I'm a sucker for analog practices: film photography, listening to albums on the record player, sketching in my journal. There's something about holding a physical object that keeps me grounded as a designer. With so much digital noise, my best ideas come when I detach: dumping thoughts onto paper, making collage moodboards with printed images I can move around. The creative process and analog practices are inseparable for me.
I pay a lot of attention to vibe—how a space feels, how a playlist flows, how food should be plated. It's something I've always been attuned to, maybe obsessively so. Friends trust me with the aux or ask me to help arrange a room, and I've realized that same instinct translates directly into my design work. I'm constantly trying to read what a concept is asking for, what feeling it needs to land, and how to shape that into something people can actually connect with. I'm drawn to work that doesn't sacrifice concept for craft or vice versa—where every choice comes from somewhere real and felt.

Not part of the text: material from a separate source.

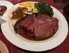 Well the prime rib and the service lived up to its reputation, best prime rib we ever had. Pricy though a party of 6 of us came to 500$. The rib was melt in your mouth tender and flavorful, only negative was the out edge of the rib cut had a toughness to it like a thin tough membrane but the rest was delightful. The creamed corn and mash potatoes with gravy was shockingly delicious, not so much the bread though. We found vegetable sides a bit undercooked for our liking. The staff was very obliging and polite and treated everyone like royalty. If you can afford these prices this is a go to experience, the men in our group all had the largest cut and were very filled in the end, the women had the Larry cut and it was just perfect for them.

What really drives me, though, is getting to work in the spaces I lose myself in: music, food, film. Music especially; it's how I process the world. I've spent my entire life building playlists like personal essays, memorizing album art before I even knew what graphic design was. The connection between sound and visuals obsesses me, and it's taught me how to think about emotional resonance in all my work. I want to design album covers, but that same instinct—finding the exact visual language that makes something feel right—is what I bring to every project.